* [Dataset items]
________________________________________
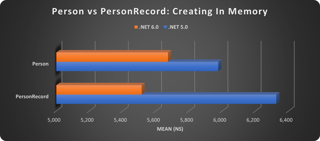 First, let us look at the performance difference creating a normal Person object compared to a PersonRecord object. Depending on if you are using .NET 5 or 6, overall, Person is more performant. But, in .NET 6, the speed is much better.
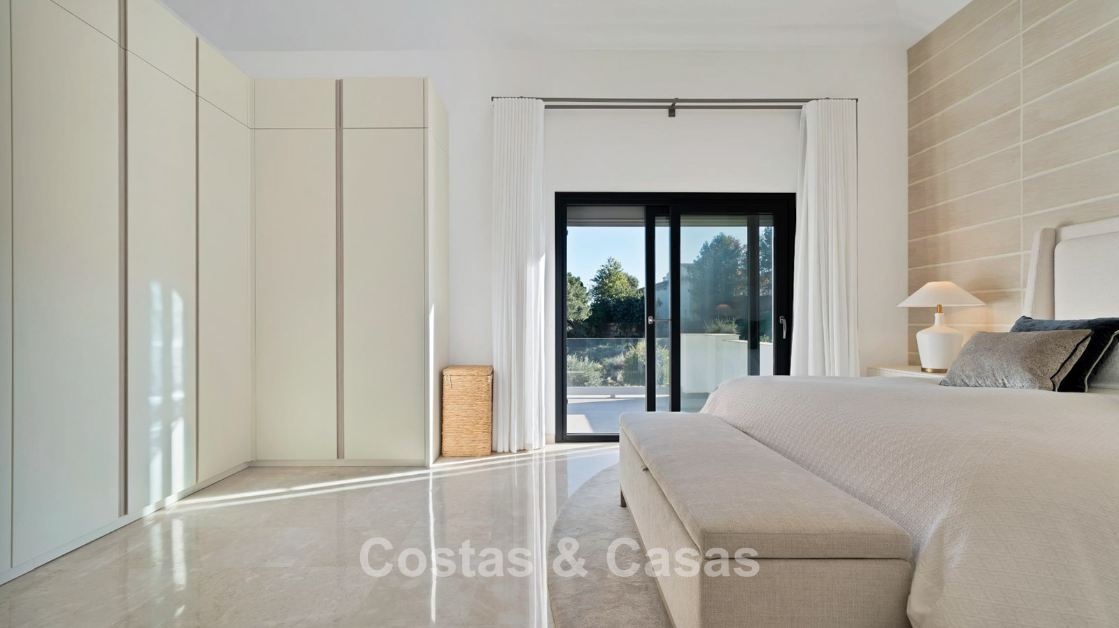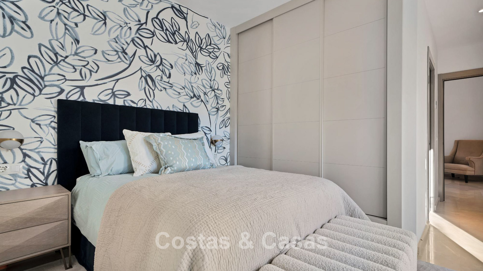 De bovenverdieping is geheel gewijd aan de master slaapkamer, met uitgebreide kledingkasten, ruim terras en en-suite badkamer.
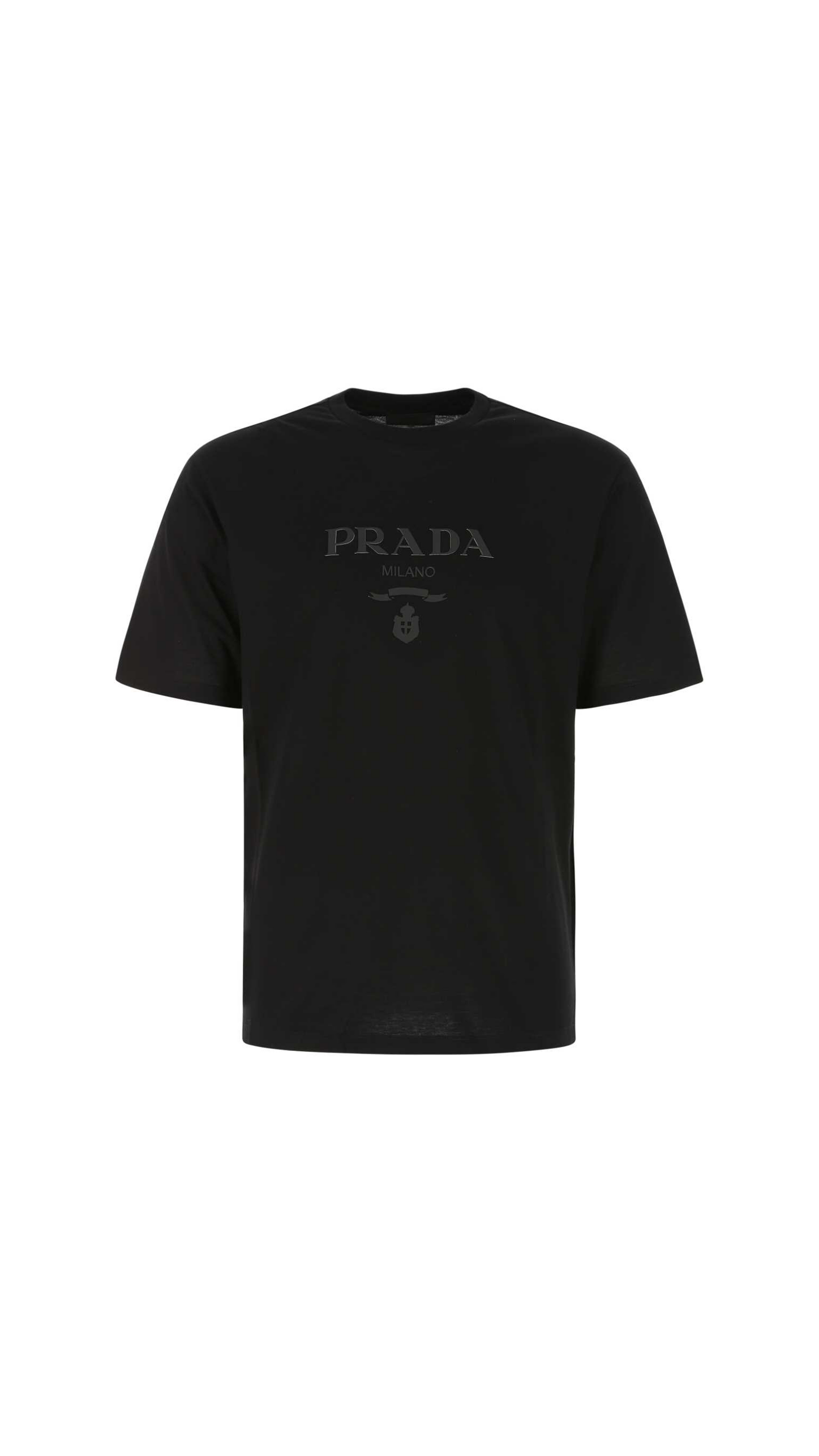 Cotton T-Shirt by Prada, ribbed crew neck, iconic tone-on-tone brand monogram embroidered on the front.
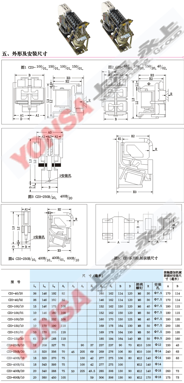 CZO系列直流接触器(以下简称接触器)主要供远距离接通与分断额定电压至440伏,额定电流至600安培的直流线路之用。并适用于频繁起动、停止直流电动机及直流电动机的换向或反接制动。(如:用于冶金,机床等电器控制设备中)
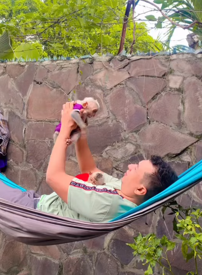 The baby monkey—everyone called him Milo—was hanging from a low branch, swinging back and forth like he was auditioning for a circus. His tail wasn’t helping much, his grip was questionable, and his confidence was way higher than his skill level. The other monkeys were nearby, busy grooming or eating fruit, completely unbothered. His mother was watching, but in that calm, experienced way that said, I’ve seen worse. He’ll survive.
________________________________________
* [Your instructions] A faithful copy of all the lines above is needed, with the pictures omitted.

* [Result]
 First, let us look at the performance difference creating a normal Person object compared to a PersonRecord object. Depending on if you are using .NET 5 or 6, overall, Person is more performant. But, in .NET 6, the speed is much better.
 De bovenverdieping is geheel gewijd aan de master slaapkamer, met uitgebreide kledingkasten, ruim terras en en-suite badkamer.
 Cotton T-Shirt by Prada, ribbed crew neck, iconic tone-on-tone brand monogram embroidered on the front.
 CZO系列直流接触器(以下简称接触器)主要供远距离接通与分断额定电压至440伏,额定电流至600安培的直流线路之用。并适用于频繁起动、停止直流电动机及直流电动机的换向或反接制动。(如:用于冶金,机床等电器控制设备中)
 The baby monkey—everyone called him Milo—was hanging from a low branch, swinging back and forth like he was auditioning for a circus. His tail wasn’t helping much, his grip was questionable, and his confidence was way higher than his skill level. The other monkeys were nearby, busy grooming or eating fruit, completely unbothered. His mother was watching, but in that calm, experienced way that said, I’ve seen worse. He’ll survive.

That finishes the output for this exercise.